Praktik empirisme untuk
memajukan Indonesia, bukan menjadi perkara mudah. Sebab, dasar pembanguna suatu
bangsa adalah cita-cita luhurnya, jika cita-cita luhur tidak dirumuskan, untuk
apa negara ini ada dan bangga akan keberadaannya. Amanat UUD 1945 dan Pancasila
yang setaip waktu di perdebatkan dan di modifikasi maknanya. Ada pula gagasan
baru sang ketua MPR mendorong 4 pilar semangat kebangsaan, yaitu; Pancasila, UUD 1945, NKRI dan Bhineka
Tunggal Ika. Yang mana, 4 pilar tersebut berangkat dari realitas khiudapn
berbangsa dan bernegara yang kian hari sangat memprihatinkan. Namun, 4 pilar
yang di suguhkan di hadapan publik mengisyaratkan kita pada pola kampanye
pencitraan setiap orang yang hendak berkuasa di masa Orde Reformasi. Apakah
kehdiupan rakyat dapat di jawab dengan konsep 4 pilar, aku meyakini, faktanya
akan terbantahkan.
Di mana, reralitas kehidupan
berbangsa saat ini, di dominasi oleh percarutan politik kepentingan sesaat dari
manusia atau kelompok masyarakat Indonesia yang memahami praktek politik busuk.
Di samping itu, wabah korupsi dan ekspolitasi sumber daya alam yang di pelopori
oleh perusahan asing (Multi Nastional Corporetion), IMF dan World Bank.

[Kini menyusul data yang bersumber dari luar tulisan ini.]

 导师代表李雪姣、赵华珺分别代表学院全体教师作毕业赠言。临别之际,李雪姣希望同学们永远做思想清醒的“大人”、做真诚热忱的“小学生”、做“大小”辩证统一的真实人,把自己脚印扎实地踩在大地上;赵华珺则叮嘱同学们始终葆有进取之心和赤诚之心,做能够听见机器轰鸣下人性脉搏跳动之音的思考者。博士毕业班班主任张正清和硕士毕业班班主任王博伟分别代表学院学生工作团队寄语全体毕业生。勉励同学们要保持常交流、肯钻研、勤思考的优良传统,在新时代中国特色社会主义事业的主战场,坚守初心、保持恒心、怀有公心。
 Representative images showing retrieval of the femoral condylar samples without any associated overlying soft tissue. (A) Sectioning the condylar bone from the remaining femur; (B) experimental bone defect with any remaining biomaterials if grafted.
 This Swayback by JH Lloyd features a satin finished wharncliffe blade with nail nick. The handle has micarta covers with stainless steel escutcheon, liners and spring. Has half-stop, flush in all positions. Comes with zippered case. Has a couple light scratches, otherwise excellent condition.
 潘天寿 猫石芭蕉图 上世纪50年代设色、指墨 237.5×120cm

Liberalisasi ekonomi, politik dan pendidikanpun ikut menggerogoti kehidupan
berbangsa dan bernegara. Andai, hal ini tetap berlanjut, maka. Ancaman terbesar
bagi negara ini adalah Bubarnya Indonesia dalam waktu singkat. Di samping itu,
konflik sosial serta konflik etnisitas yang semuanya bermuara pada masalah hak
lokalitas, hak hidup dan hak politik. Dan kuasa pemerintah pusat yang di nilai
dominan merupakan salah satu ancaman terberat untuk Indonesia.

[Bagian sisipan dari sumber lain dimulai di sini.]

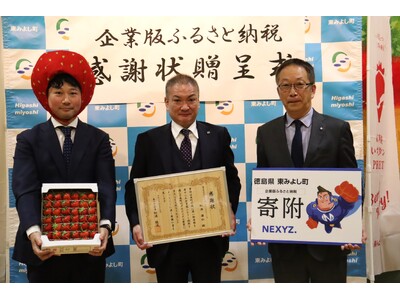 株式会社NEXYZ.Group(本社:東京都渋谷区 代表取締役社長 兼 グループ代表 近藤太香巳 証券コード:4346 以下、当社)の子会社である株式会社NEXYZ.ファシリティーズは地方創生応援税制(企業版ふるさと納税)を活用し、徳島県 東みよし町の「にし阿波いちごタウンプロジェクト」への寄附を行い贈呈式が開催されましたのでお知らせします。

Jawaban atas segala persoalan
kebangsaan terus di reduksi dan di ramu dalam berbagai bidang, akan tetapi
kesadaran sosio-politk kenegaraan masih bersidaf sentralisasi. Belum pula
persoalan pembagian jatah anggaran pusat-daerah yang dalam fakta empirisnya
menyerupai belanja modal/beli modal ke pusat. Ini merupakan praktik
kapitalisasi modal negara dan liberalisasi ekonomi yang tetap di pertahankan
pihak asing di Indonesia. Eksistensi kebangsaan kita larut dalam hedonisme
penguasa yang kecenderungan tetap menjagan wibawa partai dan networkingnya
dengan pihak asing. Seandainya, kesadaran akan pentingnya cinta tanah air. Aku
memandang bahwa, Indonesia dapat berubah tanpa meminta sokongan/ meminjam dana
dari IMF atau World Bank. Ini Indonesia negeri tercinta, bukan negeri para
kolonialime baru ala asing. Namun aku tetap bangga inilah Indonesia ku.